「霜降り肉」はビタミンA欠乏で作る!

ビタミン欠乏で作る!「霜降り肉」の衝撃事実
昨日に続いて今日も「WAGYU」の話です。霜降り肉を持つウシは、βカロテンを含む生きた緑の葉を与えずに、ビタミンA欠乏症にして作ります。これは、霜降り肉のイメージを下げるので、メディアはほとんど報道しませんが、業界では周知の事実です。以下は、その現状を解説した2016年の記事の抜粋です。


肉に含まれる粗脂肪量が50%を超えるような牛肉がどのようにして生まれたのか、大きく2つの要因がある。まずひとつは品種改良というもので、サシが入りやすい血統の牛を選抜していくことで昔よりもサシが多量に入るようにしたこと。もうひとつが、人為的にサシを入れる技術であるビタミンコントロールだ。

どんなものか。実際には「コントロール」というよりも「ビタミン欠乏」と言ったほうがよい。肥育期間をいくつかに分けたうちの中期と呼ばれる段階で、餌に含まれるビタミンAを制限、つまり与えないようにする。

ただし、おわかりのとおり、ビタミンAは必須栄養素である。

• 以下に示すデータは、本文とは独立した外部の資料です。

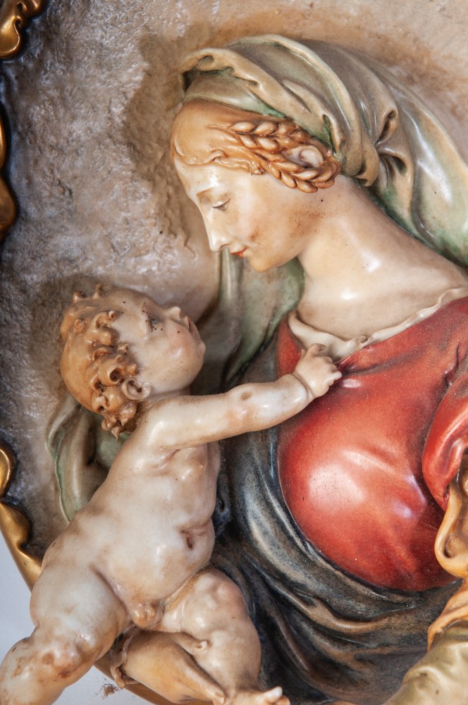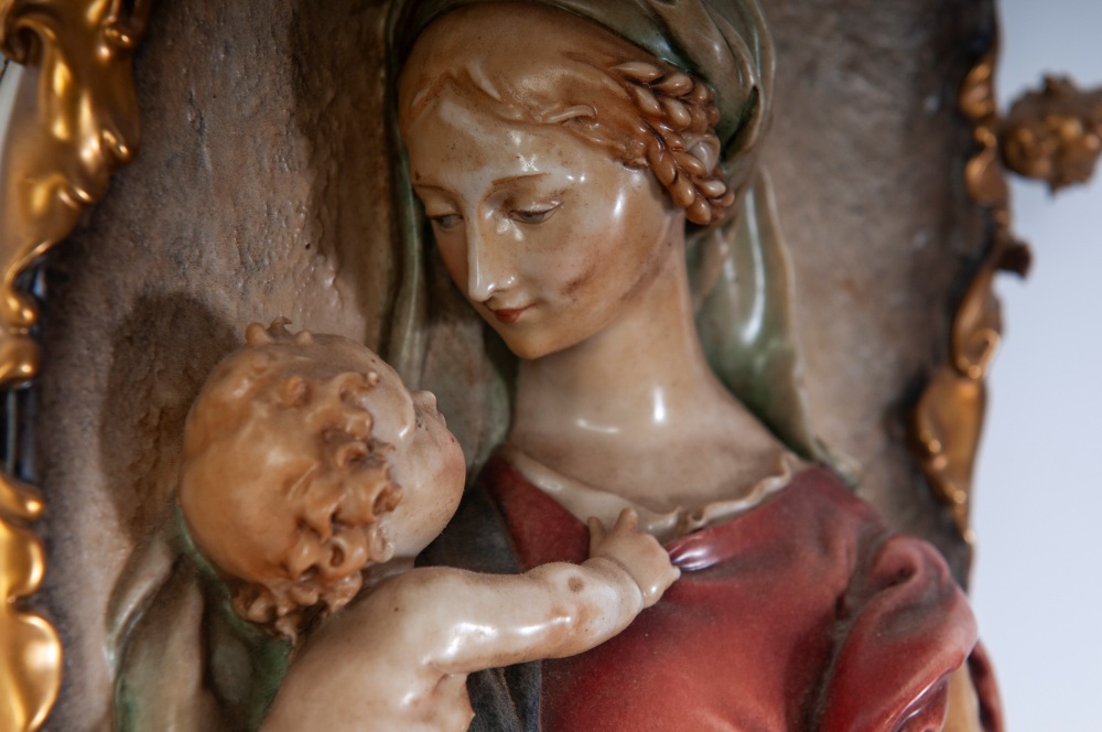 Madonna con Bambino in porcellana policroma anni '60 32 x 20 x 3 cm

それを制限しすぎると、当然ながら牛に悪影響を及ぼすこともある。そこで、健康状態は保ちつつもサシや肉の歩留まりを向上できるようなギリギリの欠乏状態を保つというのが「ビタミンコントロール」なのである。ただし「コントロールしている」とはいえ、ビタミン欠乏が一定以上になると、牛の目が見えなくなったりと、さまざまな病気が発生しやすくなる。粗脂肪量が50%以上にもなるのだから、ビタミン欠乏以外の要因によっても、肉牛の体調は悪くなる。

やはり、一時的にビタミンAを欠乏させることでサシを入れるということを聞いて、快いと感じる人もあまりいないだろう。近年、欧米で叫ばれているアニマル・ウェルフェア(動物福祉)の観点からも、批判されてしまいそうな技術である。


以前、モンゴルから来た留学生が神戸ビーフのウシをどのように育てているのか知りたいと言ったので、神戸大学の農学部の先生数人に質問してみました。しかし、誰も答えてくれませんでした。ビールを飲ませて大切に育てるなどと思っている先生もいました。

いろいろ調べて、農業高校に畜産コースがあることを知り、ある農業高校に問い合わせたところ、担当の先生は非常に親切に対応していただき、見学もさせていただきました。農業高校では、学生実習用の牛舎があり肉牛用の和牛を飼っていました。そこで初めてウシをビタミンA欠乏にするとサシが入ることを知りました。種牛に選ばれたウシ以外のすべてのオスは生まれてすぐに去勢されることも知りました。その方が肉が柔らかくなるそうです。

農業高校の先生によると、肉牛用のウシでなくても、例えば乳牛用のホルスタインでも、ビタミンA欠乏にすればサシが入るそうです。肉牛用のウシは一定間隔をおいて採血し、健康を害さない程度に血中ビタミンA値が低いことをモニターしながら育てるそうです。ちなみに、このようなウシでは対光反射がかなり遅くなるそうで、対光反射の時間でおおよそのビタミンA血中濃度がわかるという研究報告までありました(研究報告をみる)。

この事実を知ってから、それほど霜降り肉を食べたいと思わなくなりました。